A reunião da Comissão de Fiscalização e Orçamento foi realizada no dia 17 de abril e após análise do relatório do deputado Saturnino Masson (PSDB), as contas foram aprovadas por Wilson Santos e Dilmar Dal Bosco (DEM). Zeca Viana e Silvano Amaral (MDB) não compareceram.

Wilson disse, em sua defesa, ter feito a convocação para a reunião extraordinária durante sessão vespertina da Assembleia Legislativa do dia 11 de abril.

“A matéria está quase caducando na casa há quase 10 meses. A convocação da reunião extraordinária obedeceu rigorosamente o regimento interno, havia maioria e o relator fez a exposição do seu voto e houve votação então isso está superado. Eu não vejo prejuízo para Governo e sim para a imagem do Parlamento estadual que precisa ser mais ágil em um tempo ágio dos dias atuais é inadmissível um projeto adormecer nos escarninhos do Parlamento”, defendeu Wilson Santos, em entrevista para o , na semana passada.
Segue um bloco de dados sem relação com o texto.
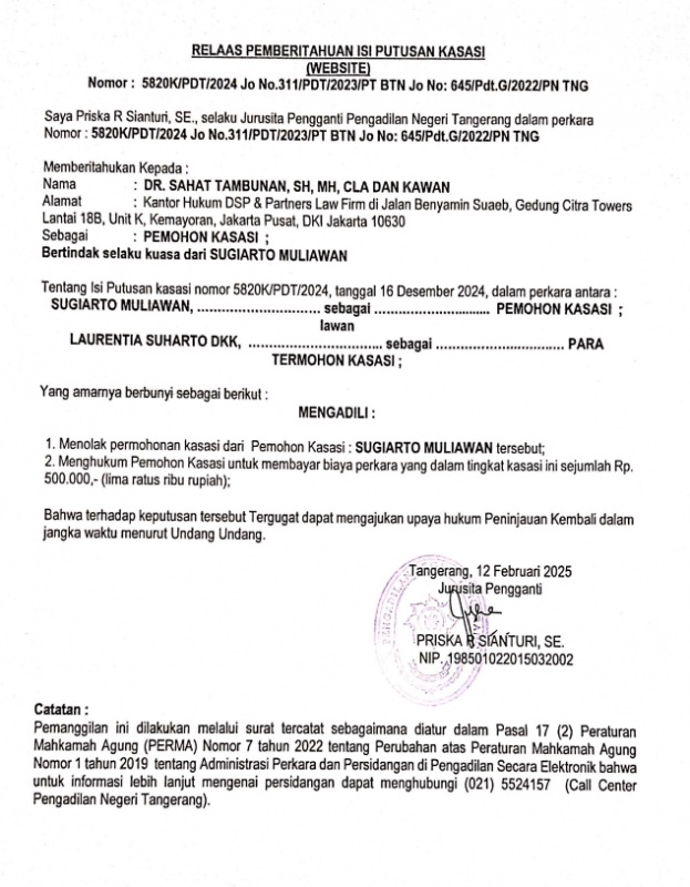 RELAAS PEMBERITAHUAN ISI PUTUSAN KASASI (WEBSITE) NO. 5820K/PDT/2024 Jo NO. 311/PDT/2023/PT BTN Jo NO. 645/PDT.G/2022/PN TNG KEPADA PEMOHON KASASI

Em sua análise do pedido de liminar, Maria Erotides ainda determinou a notificação das Procuradorias-Gerais da Assembleia e do Estado e já considerou que o ato tem caráter “tipicamente legislativo”.

Em que pese os argumentos apresentados pelo impetrante, entendo como imprescindível a prévia manifestação das autoridades acoimadas coatoras, porquanto trata-se, à princípio, de ato tipicamente legislativo”, escreveu a magistrada.